Source data Start Marker

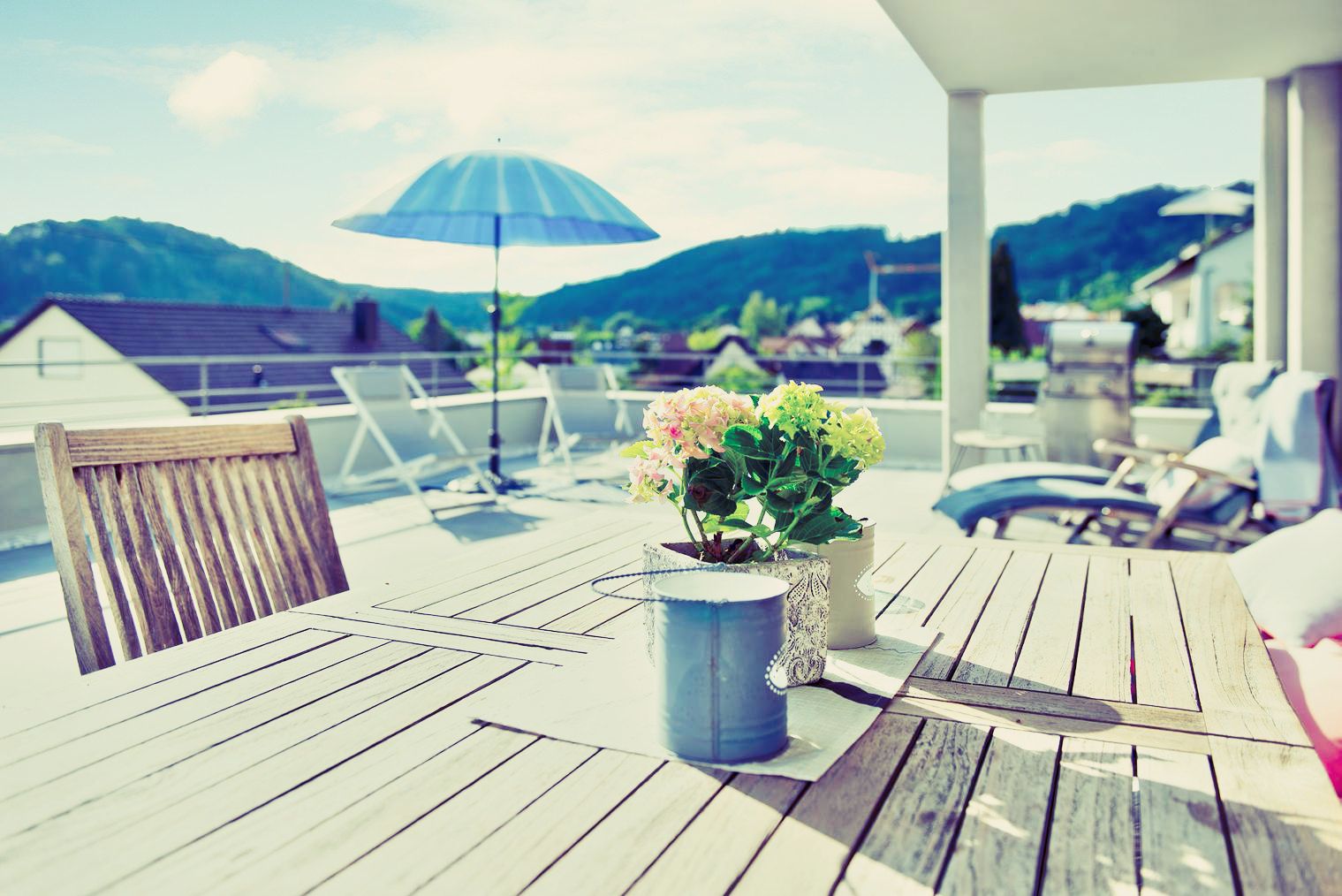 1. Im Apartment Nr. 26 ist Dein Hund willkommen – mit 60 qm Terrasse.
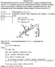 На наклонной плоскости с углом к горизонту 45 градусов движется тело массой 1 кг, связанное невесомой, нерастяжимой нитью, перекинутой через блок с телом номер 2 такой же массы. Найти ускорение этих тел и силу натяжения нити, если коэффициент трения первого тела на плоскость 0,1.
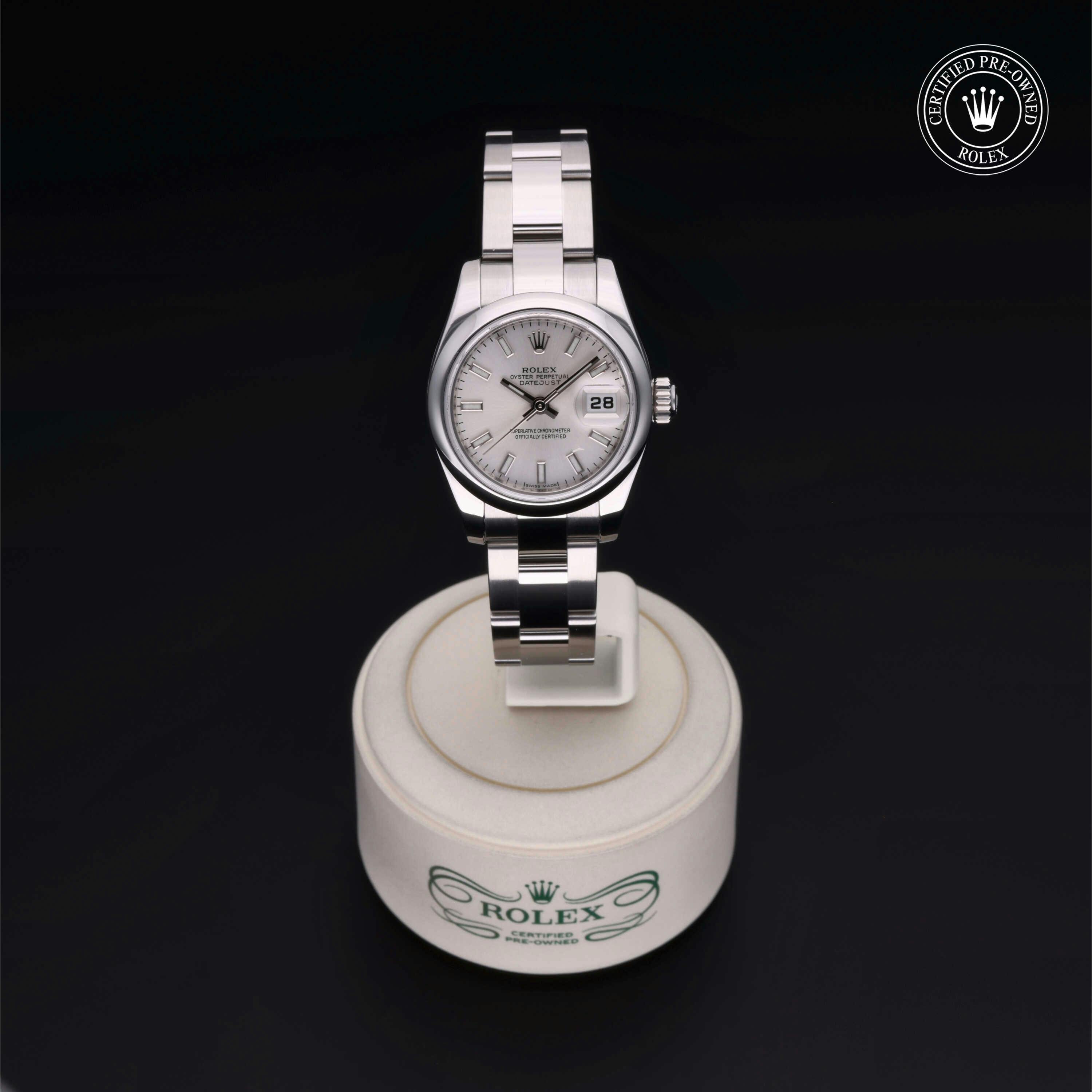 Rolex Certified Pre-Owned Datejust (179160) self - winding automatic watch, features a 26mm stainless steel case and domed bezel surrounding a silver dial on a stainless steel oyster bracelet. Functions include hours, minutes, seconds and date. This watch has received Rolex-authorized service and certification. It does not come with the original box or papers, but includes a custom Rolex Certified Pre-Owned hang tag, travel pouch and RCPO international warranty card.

Source data End Marker

_Assignment_. Write out the data above exactly as it appears, but without any image.

_Solution below_.
 1. Im Apartment Nr. 26 ist Dein Hund willkommen – mit 60 qm Terrasse.
 На наклонной плоскости с углом к горизонту 45 градусов движется тело массой 1 кг, связанное невесомой, нерастяжимой нитью, перекинутой через блок с телом номер 2 такой же массы. Найти ускорение этих тел и силу натяжения нити, если коэффициент трения первого тела на плоскость 0,1.
 Rolex Certified Pre-Owned Datejust (179160) self - winding automatic watch, features a 26mm stainless steel case and domed bezel surrounding a silver dial on a stainless steel oyster bracelet. Functions include hours, minutes, seconds and date. This watch has received Rolex-authorized service and certification. It does not come with the original box or papers, but includes a custom Rolex Certified Pre-Owned hang tag, travel pouch and RCPO international warranty card.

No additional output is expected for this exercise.